We can also examine the estimated conditional probabilities for some test observations:
print(knn.predict_proba(X_test)[:10])[[0.5319 0.3934 0.0748]
[0.2244 0.5651 0.2105]
[0.2216 0.5762 0.2022]
[0.205 0.2133 0.5817]
[0.5568 0.338 0.1053]
[0.5762 0.3906 0.0332]
[0.5319 0.2022 0.2659]
[0.2742 0.1468 0.5789]
[0.1274 0.4404 0.4321]
[0.5817 0.3241 0.0942]]
Let’s compare these probabilities with the actual test labels:
print(y_test[:10])['1' '1' '1' '2' '0' '0' '0' '2' '1' '0']
And the predicted labels:
print(y_pred_test[:10])['0' '1' '1' '2' '0' '0' '0' '2' '1' '0']

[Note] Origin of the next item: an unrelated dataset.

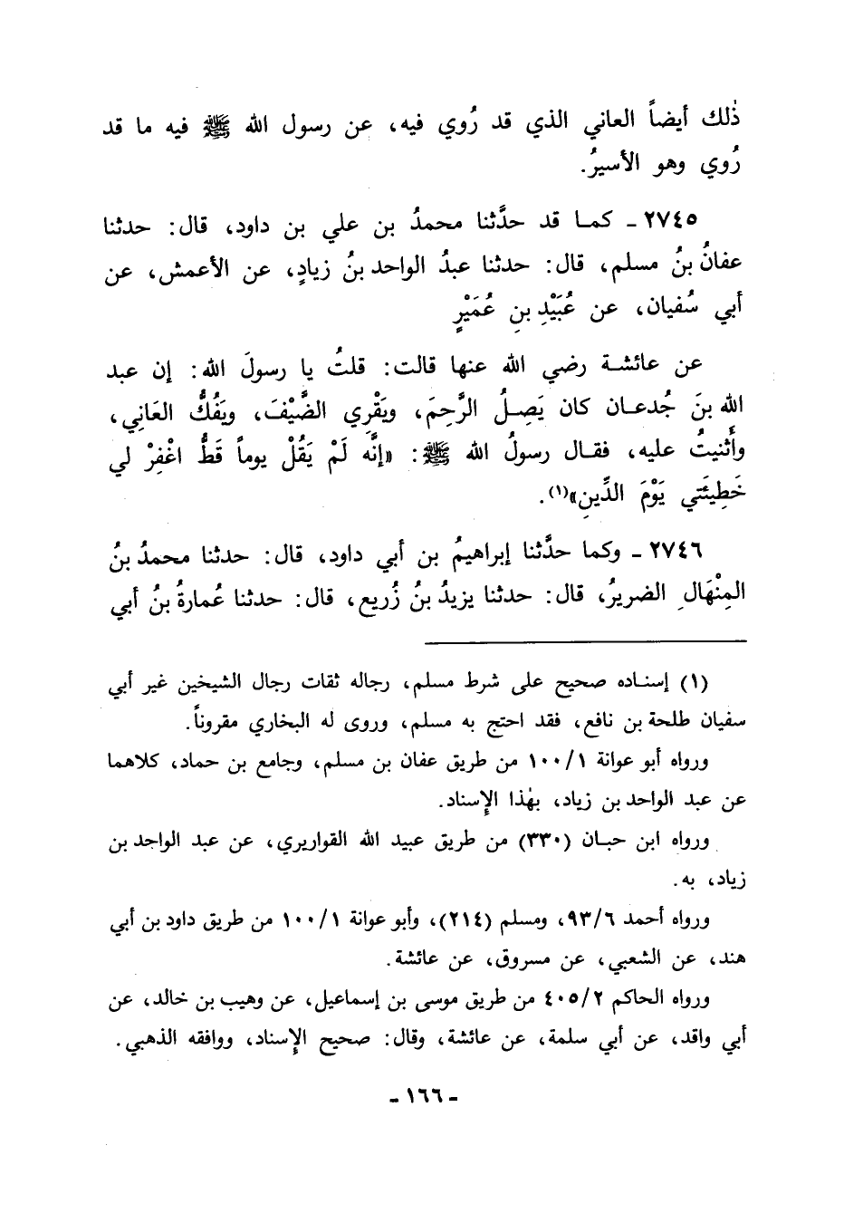 2745 - كَمَا قَدْ حَدَّثَنَا مُحَمَّدُ بْنُ عَلِيِّ بْنِ دَاوُدَ قَالَ: حَدَّثَنَا عَفَّانُ بْنُ مُسْلِمٍ قَالَ: حَدَّثَنَا عَبْدُ الْوَاحِدِ بْنُ زِيَادٍ، عَنِ الْأَعْمَشِ، عَنْ أَبِي سُفْيَانَ، عَنْ عُبَيْدِ بْنِ عُمَيْرٍ، عَنْ عَائِشَةَ رَضِيَ اللهُ عَنْهَا قَالَتْ: قُلْتُ: يَا رَسُولَ اللهِ , إِنَّ عَبْدَ اللهِ بْنَ جُدْعَانَ كَانَ يَصِلُ الرَّحِمَ، وَيُقْرِي الضَّيْفَ، وَيَفُكُّ الْعَانِيَ، وَأَثْنَيْتُ عَلَيْهِ , فَقَالَ رَسُولُ اللهِ صَلَّى اللَّهُ عَلَيْهِ وَسَلَّمَ: " إِنَّهُ لَمْ يَقُلْ يَوْمًا قَطُّ اغْفِرْ لِي خَطِيئَتِي يَوْمَ الدِّينِ "

For a clearer comparison, we can create a summary table showing actual labels, predictions, and probabilities:
results_df = pd.DataFrame(
{
"Actual": y_test[:10],
"Predicted": y_pred_test[:10],
}
)
prob_df = pd.DataFrame(knn.predict_proba(X_test)[:10])
prob_df.columns = [f"prob_{i}" for i in knn.classes_]
results_df = pd.concat([results_df, prob_df], axis=1)
print(results_df) Actual Predicted prob_0 prob_1 prob_2
0 1 0 0.53 0.39 0.07
1 1 1 0.22 0.57 0.21
2 1 1 0.22 0.58 0.20
3 2 2 0.20 0.21 0.58
4 0 0 0.56 0.34 0.11
5 0 0 0.58 0.39 0.03
6 0 0 0.53 0.20 0.27
7 2 2 0.27 0.15 0.58
8 1 1 0.13 0.44 0.43
9 0 0 0.58 0.32 0.09
This table helps us understand the model’s confidence in its predictions and identify cases where the model might be uncertain.